30. The Alchemist
Overlook the Beverly Hills roots for a second, no producer represents raw underground material better than Alan Maman. Stepping on the scene with Cypress Hill affiliates Soul Assassins, the young Alchemist got his feet wet supplying sample-heavy beats to backpacker stalwarts Dilated Peoples. His love of East Coast classics brought Alchemist to NY, and he soon cultivated a working relationship with Mobb Deep, his sound turning grittier. And like Havoc and Three 6 Mafia, Alchemist excels in darkness. He put his stamp on poppier tracks like Jada’s “We Gon Make It” but Alchemist sounds most comfortable exploring the sinister.

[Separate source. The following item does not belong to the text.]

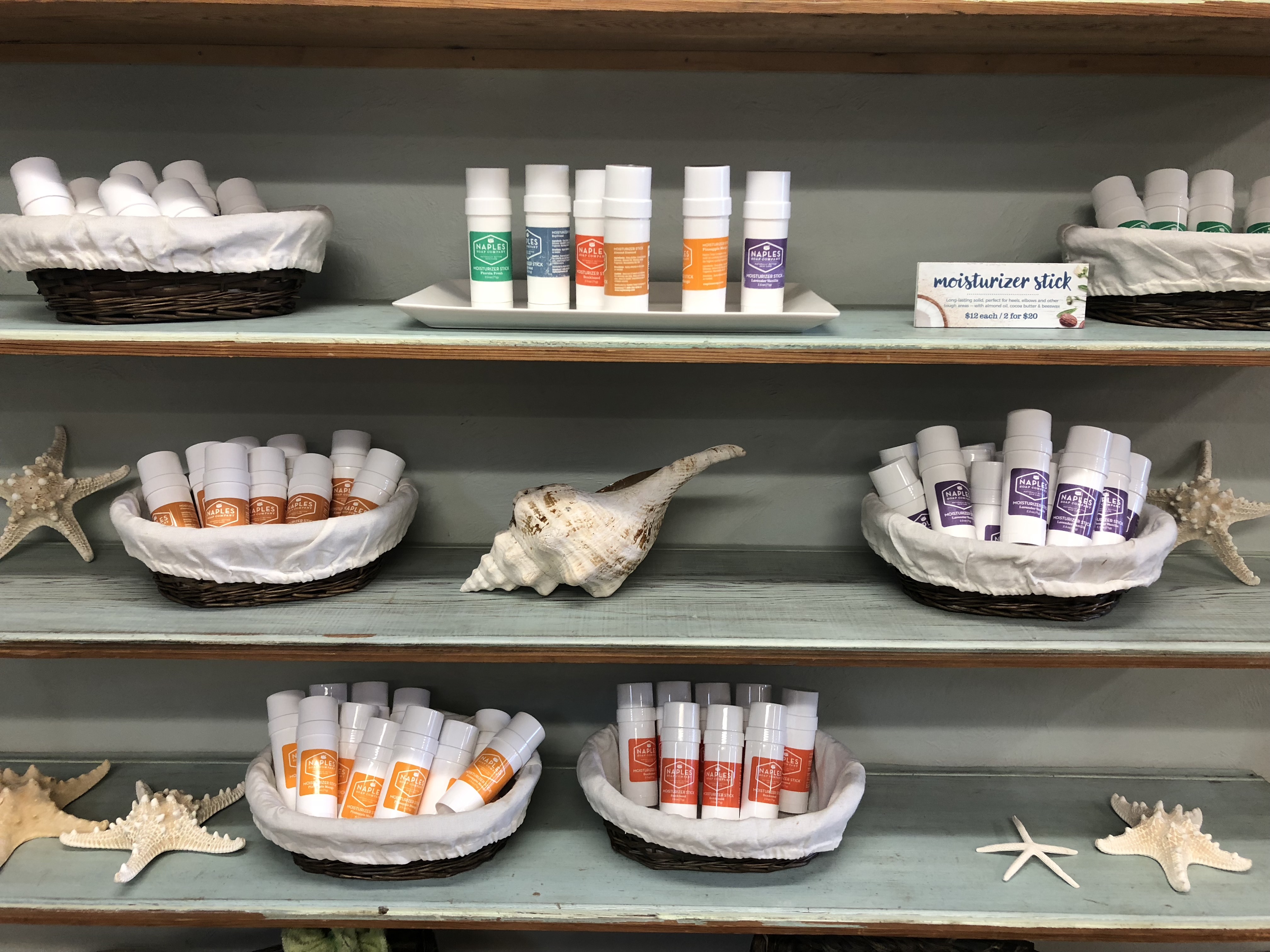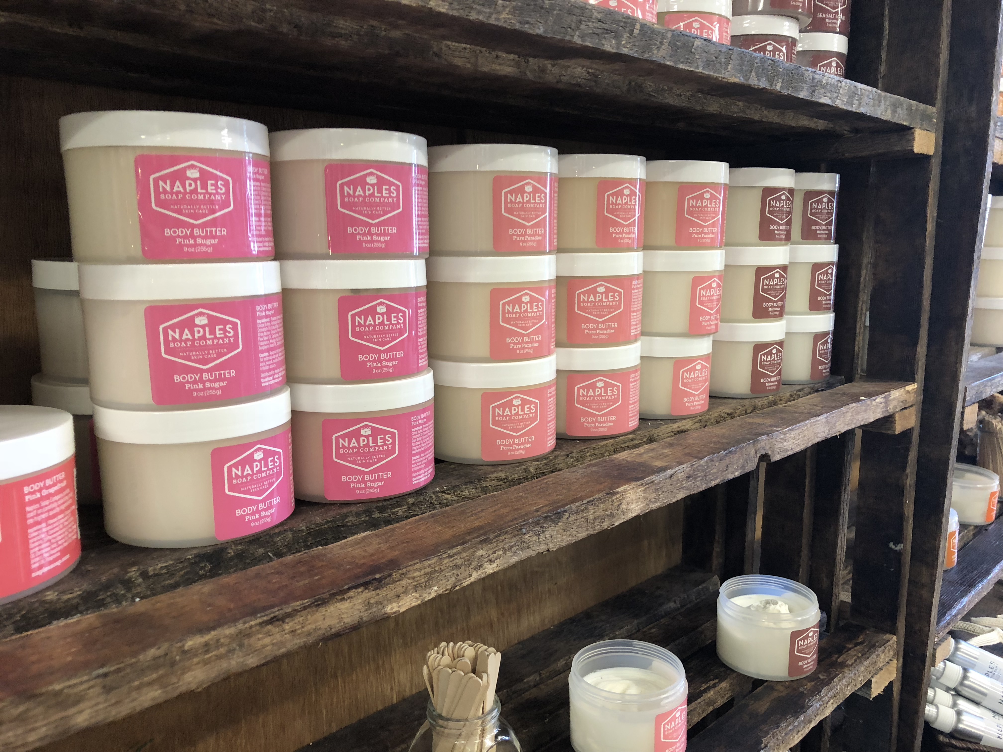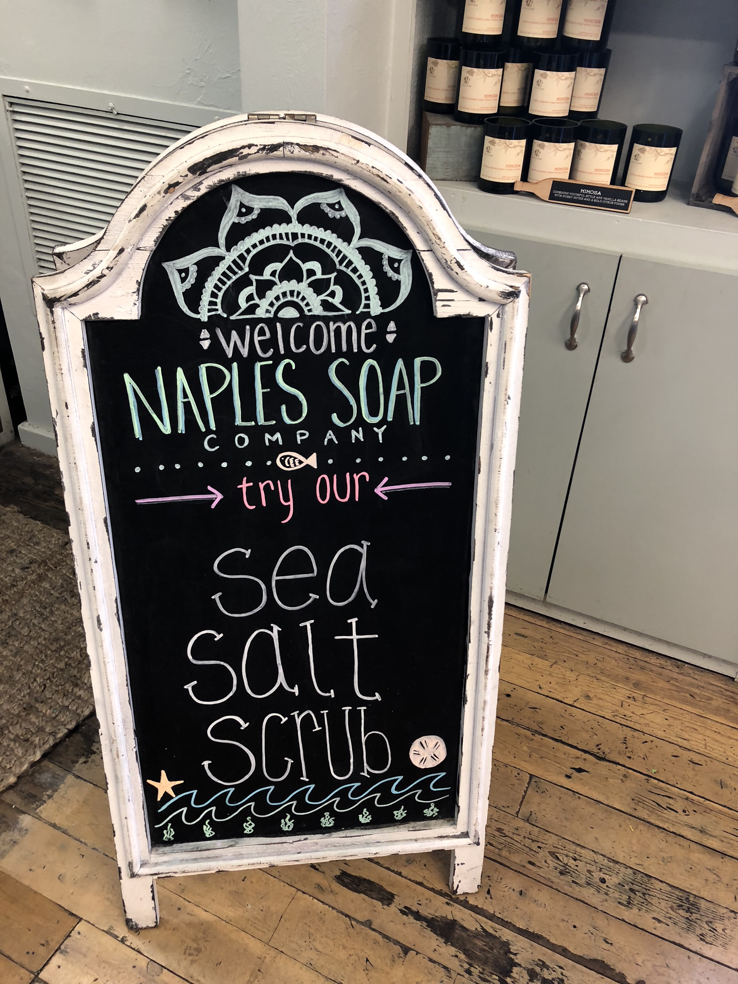 Traveling from store to store I am always looking at inspiration, and figuring how they attract their customers. The Naples Soap Company, is a bright and fun shop. Not only do their amazing smells bring you in, their light, fun colored decor and beautiful packaging can catch anyones eye.

Alchemist’s best beats strip and chop loops from the recesses of forgotten 70s soul, prog rock and obscure horror and blaxploitation soundtracks. He’s more than earned his chemist namesake by transmuting unlikely sources into undeniable headnodders, turning Thomas Dolby’s “She Blinded Me With Science” into the ominous “Got It Twisted” for Mobb Deep, or stretching prog guitars into stuttering, pummelling synths for Cam’ron’s “Wet Wipes”. Even as he’s turned to full-length collaborative projects with Curren$y, Prodigy and Oh No, Alchemist remains the go-to guy for a street-ready banger.–Aaron Matthews
29. Easy Mo Bee
Easy Mo Bee cut his teeth with his own crews Rappin’ Is Fundamental and beat placements on Big Daddy Kane’s sophomore LP, It’s a Big Daddy Thing. In the process, he rubbed shoulders with Marley Marl, Prince Paul, and Teddy Riley. In terms of legacy, it’s also important to note that it was Mo Bee behind the boards for both RZA and GZA’s first outings on wax.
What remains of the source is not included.